◆ Try it
Once the pictures are set aside, reproduce the remaining data exactly.

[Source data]
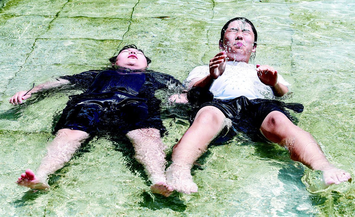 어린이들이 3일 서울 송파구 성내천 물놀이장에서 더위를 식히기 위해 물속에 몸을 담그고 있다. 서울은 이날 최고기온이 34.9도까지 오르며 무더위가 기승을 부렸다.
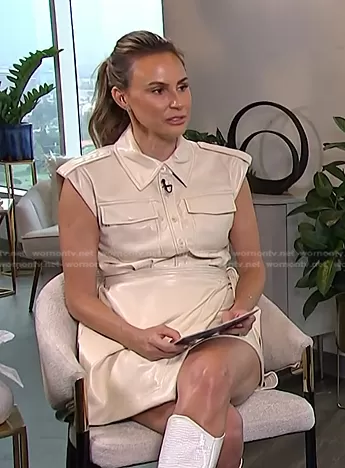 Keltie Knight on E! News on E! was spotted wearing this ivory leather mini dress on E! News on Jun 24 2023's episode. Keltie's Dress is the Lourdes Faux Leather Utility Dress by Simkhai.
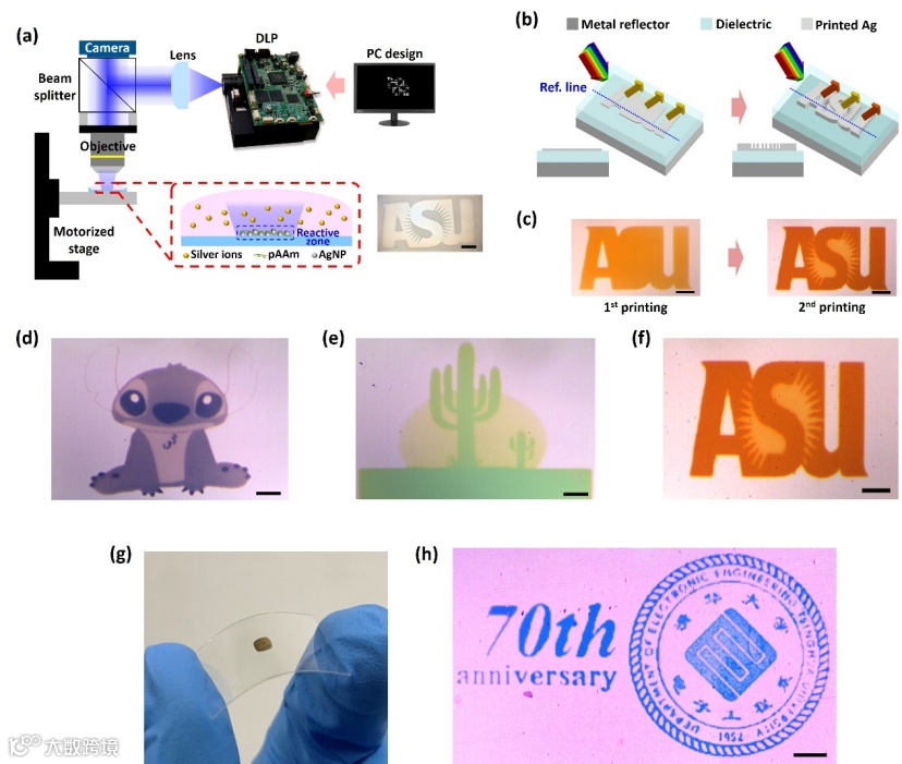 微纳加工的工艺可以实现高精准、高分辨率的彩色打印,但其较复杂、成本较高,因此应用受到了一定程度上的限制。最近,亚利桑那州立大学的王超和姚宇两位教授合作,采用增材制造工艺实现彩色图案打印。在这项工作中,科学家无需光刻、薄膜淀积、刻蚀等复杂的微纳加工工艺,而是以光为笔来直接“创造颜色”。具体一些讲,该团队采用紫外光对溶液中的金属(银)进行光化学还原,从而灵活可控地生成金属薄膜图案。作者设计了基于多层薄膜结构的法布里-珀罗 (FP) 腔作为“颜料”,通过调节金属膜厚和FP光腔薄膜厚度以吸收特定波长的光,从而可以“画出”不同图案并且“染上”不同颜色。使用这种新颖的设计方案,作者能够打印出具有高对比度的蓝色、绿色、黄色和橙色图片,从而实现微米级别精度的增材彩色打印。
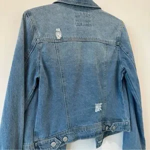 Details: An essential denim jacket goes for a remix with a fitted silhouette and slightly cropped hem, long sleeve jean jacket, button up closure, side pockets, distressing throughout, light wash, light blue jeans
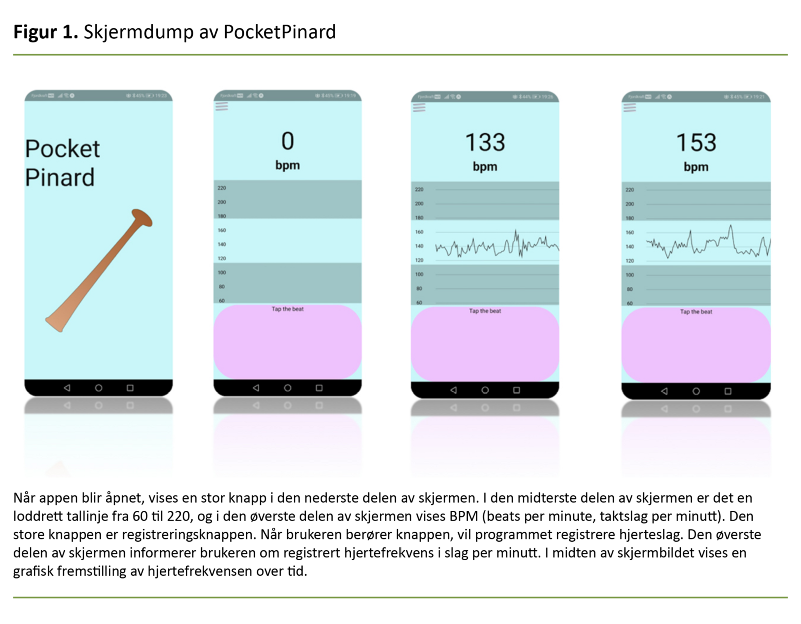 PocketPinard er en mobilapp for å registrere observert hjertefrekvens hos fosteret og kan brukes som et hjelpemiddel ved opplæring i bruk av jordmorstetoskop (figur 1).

◆ Finished exercise
 어린이들이 3일 서울 송파구 성내천 물놀이장에서 더위를 식히기 위해 물속에 몸을 담그고 있다. 서울은 이날 최고기온이 34.9도까지 오르며 무더위가 기승을 부렸다.
 Keltie Knight on E! News on E! was spotted wearing this ivory leather mini dress on E! News on Jun 24 2023's episode. Keltie's Dress is the Lourdes Faux Leather Utility Dress by Simkhai.
 微纳加工的工艺可以实现高精准、高分辨率的彩色打印,但其较复杂、成本较高,因此应用受到了一定程度上的限制。最近,亚利桑那州立大学的王超和姚宇两位教授合作,采用增材制造工艺实现彩色图案打印。在这项工作中,科学家无需光刻、薄膜淀积、刻蚀等复杂的微纳加工工艺,而是以光为笔来直接“创造颜色”。具体一些讲,该团队采用紫外光对溶液中的金属(银)进行光化学还原,从而灵活可控地生成金属薄膜图案。作者设计了基于多层薄膜结构的法布里-珀罗 (FP) 腔作为“颜料”,通过调节金属膜厚和FP光腔薄膜厚度以吸收特定波长的光,从而可以“画出”不同图案并且“染上”不同颜色。使用这种新颖的设计方案,作者能够打印出具有高对比度的蓝色、绿色、黄色和橙色图片,从而实现微米级别精度的增材彩色打印。
 Details: An essential denim jacket goes for a remix with a fitted silhouette and slightly cropped hem, long sleeve jean jacket, button up closure, side pockets, distressing throughout, light wash, light blue jeans
 PocketPinard er en mobilapp for å registrere observert hjertefrekvens hos fosteret og kan brukes som et hjelpemiddel ved opplæring i bruk av jordmorstetoskop (figur 1).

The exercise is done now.